PROBLEM DETAILS => Please output only the lines that begin at the line with "甜美可爱小猫毛绒帽子女款秋冬季防寒雷锋帽百搭保暖暹罗猫毛绒帽" and run through the end of the entries below, exactly as written. Drop all pictures.

DATA TO EXAMINE =>
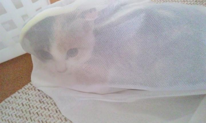 今日は洗濯ネットに目をつけた模様。中に入って遊んでます。
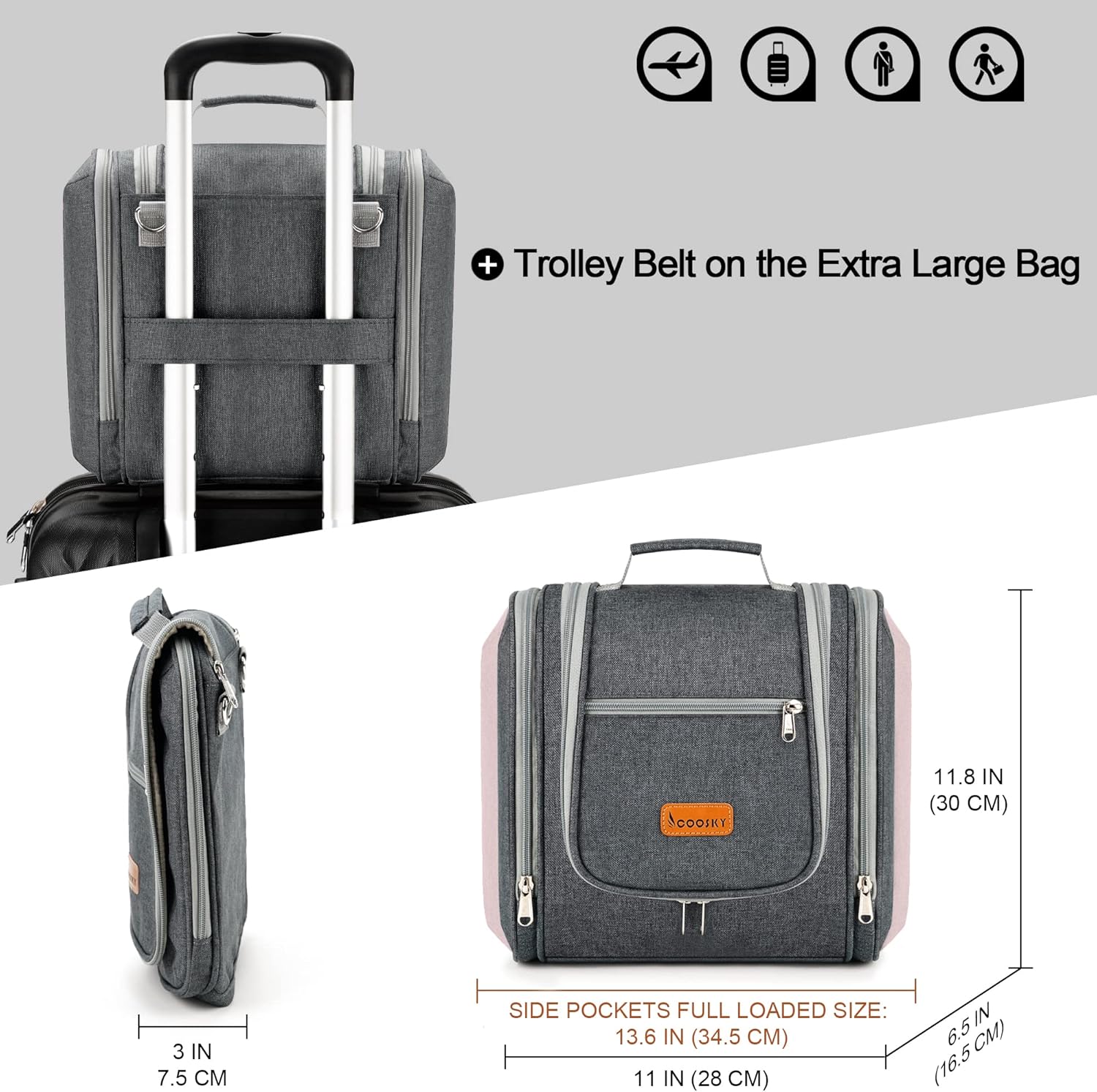 - CONSIDERABLE DESIGN - The elastic band and elastic mesh bag in the main compartment and two side compartments can keep the bottle fixed and upright. It has two waterproof compartments specially used for storing wet items. You can put your wet towel, toothbrush, shaving kit, and leaky cosmetics in it. The 360 degrees rotate metal hook gives you a variety of hanging options.
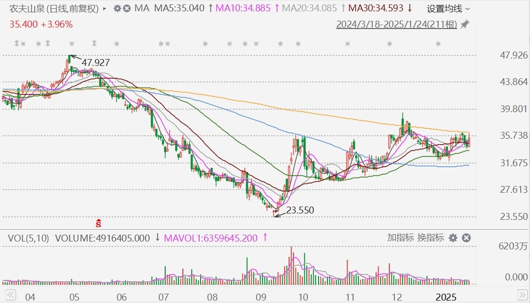 农夫山泉(9633.HK)盘中拉升,一度涨近6%,报36.05港元。消息面上,公司创始人钟睒睒周四发誓要避免价格战。
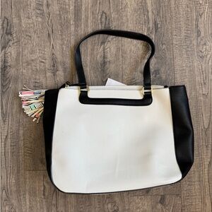 Chic and versatile handbag in classic black and white with a cute tassel detail. Perfect for any occasion. New with tags. Large sized bag.
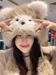 甜美可爱小猫毛绒帽子女款秋冬季防寒雷锋帽百搭保暖暹罗猫毛绒帽
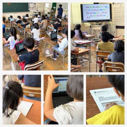 13:40〜13:55の15分間は「短時間学習」の時間です。うち2日は「英語モジュール学習」にあて、英語の歌やチャンツをして、「英語に慣れ、親しむ」時間です。
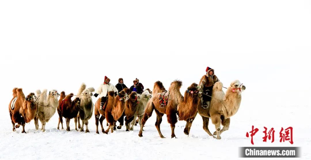 銀裝素裹中,牧民騎著駱駝趕往賽駝現(xiàn)場。 高洪斌 攝
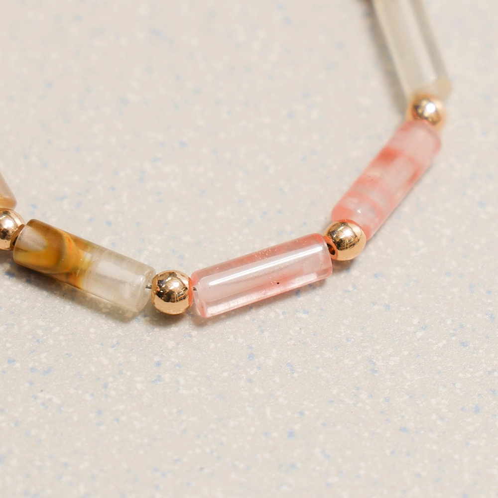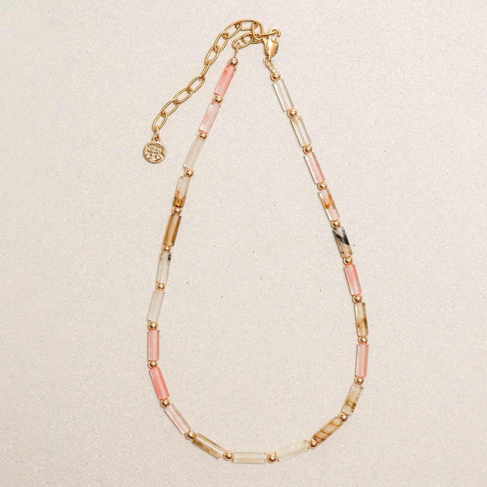 원석으로 제작된 실린더 비즈와 은색의 볼을 조합하여 제작된 상품입니다.
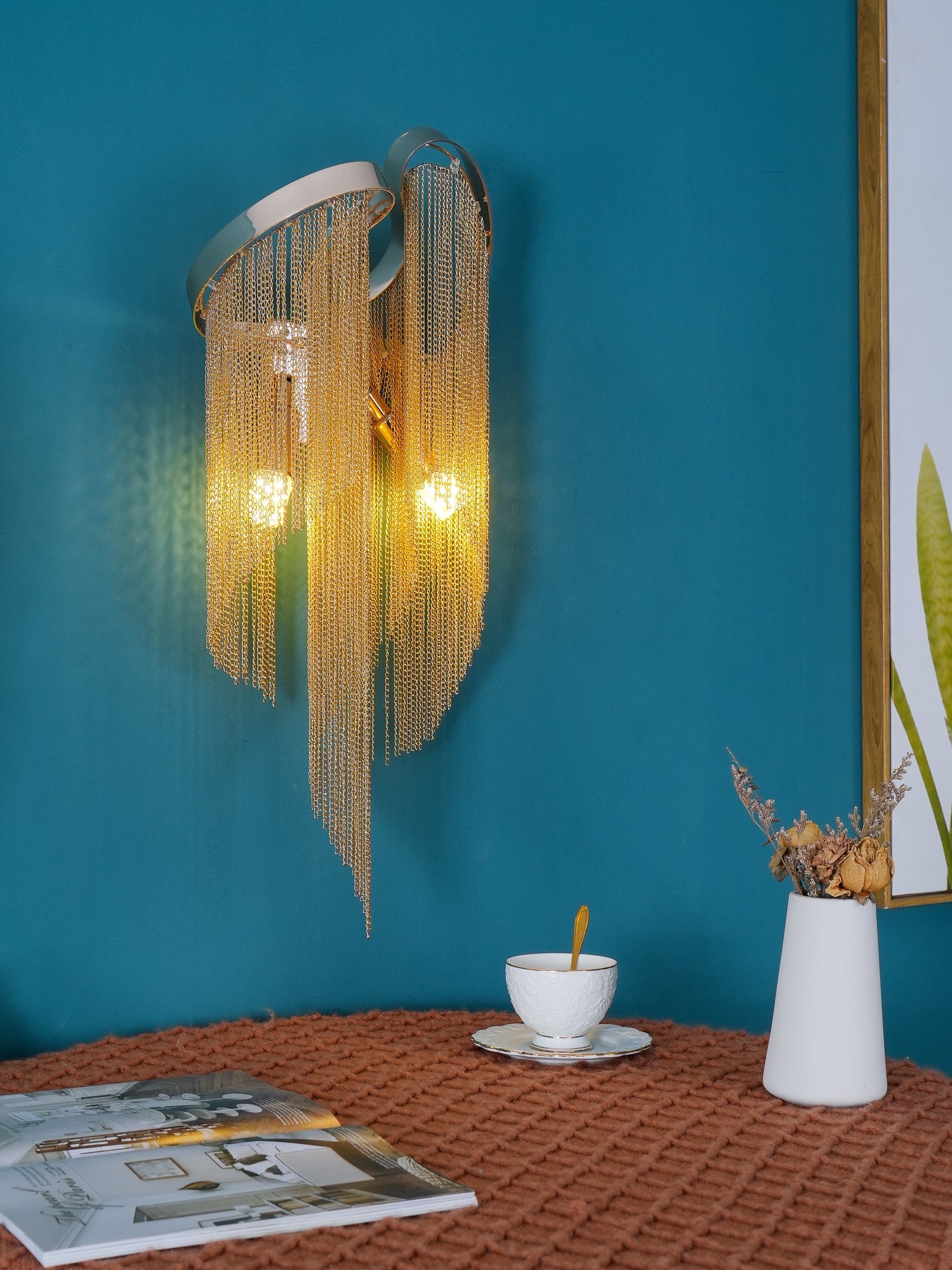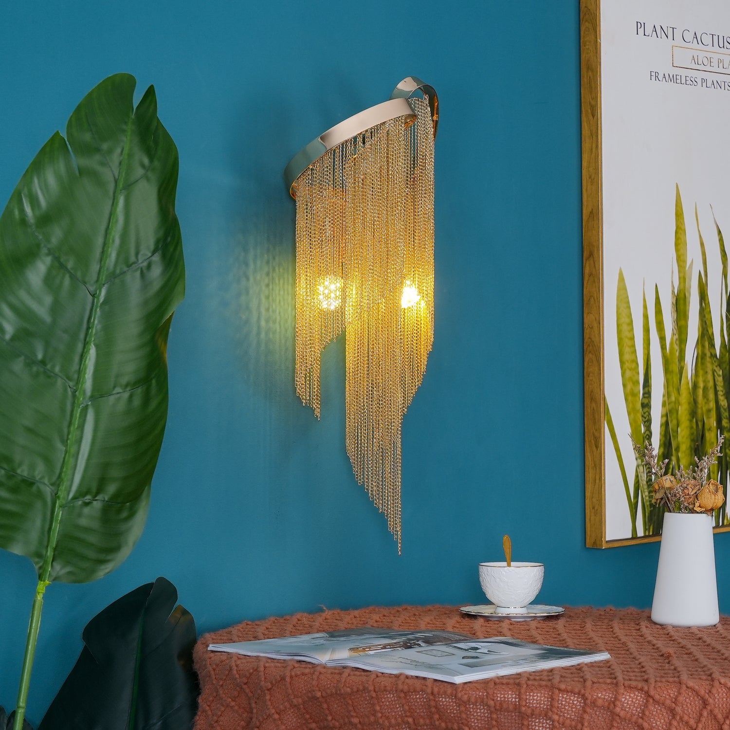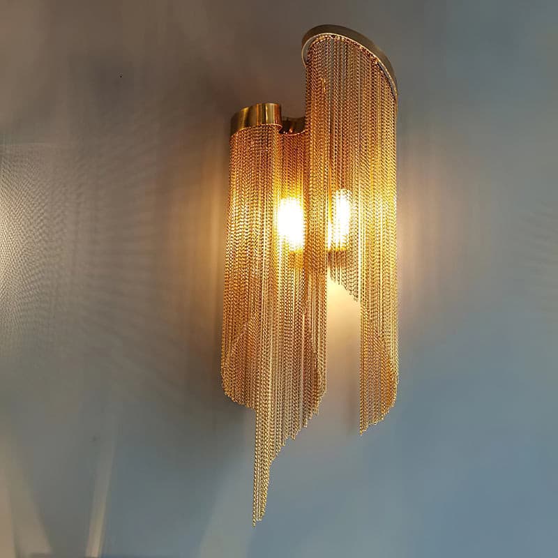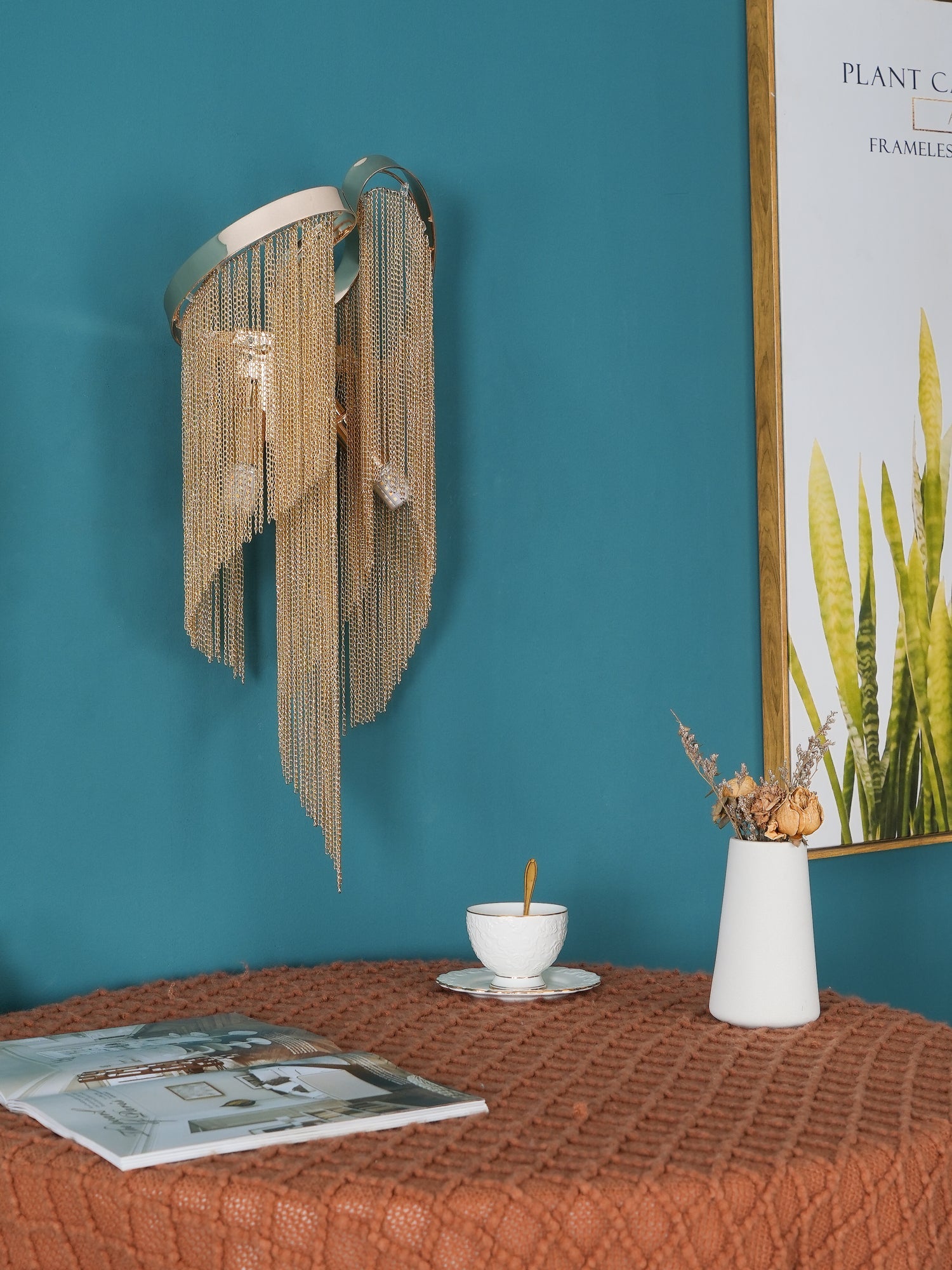 This beautiful unique modern chain tassel wall sconce is perfect for hotels, restaurants, living rooms, dining rooms, and bedrooms. Truly an eye-catching design that is sure to impress.

FINISHED EXERCISE =>
 甜美可爱小猫毛绒帽子女款秋冬季防寒雷锋帽百搭保暖暹罗猫毛绒帽
 13:40〜13:55の15分間は「短時間学習」の時間です。うち2日は「英語モジュール学習」にあて、英語の歌やチャンツをして、「英語に慣れ、親しむ」時間です。
 銀裝素裹中,牧民騎著駱駝趕往賽駝現(xiàn)場。 高洪斌 攝
 원석으로 제작된 실린더 비즈와 은색의 볼을 조합하여 제작된 상품입니다.
 This beautiful unique modern chain tassel wall sconce is perfect for hotels, restaurants, living rooms, dining rooms, and bedrooms. Truly an eye-catching design that is sure to impress.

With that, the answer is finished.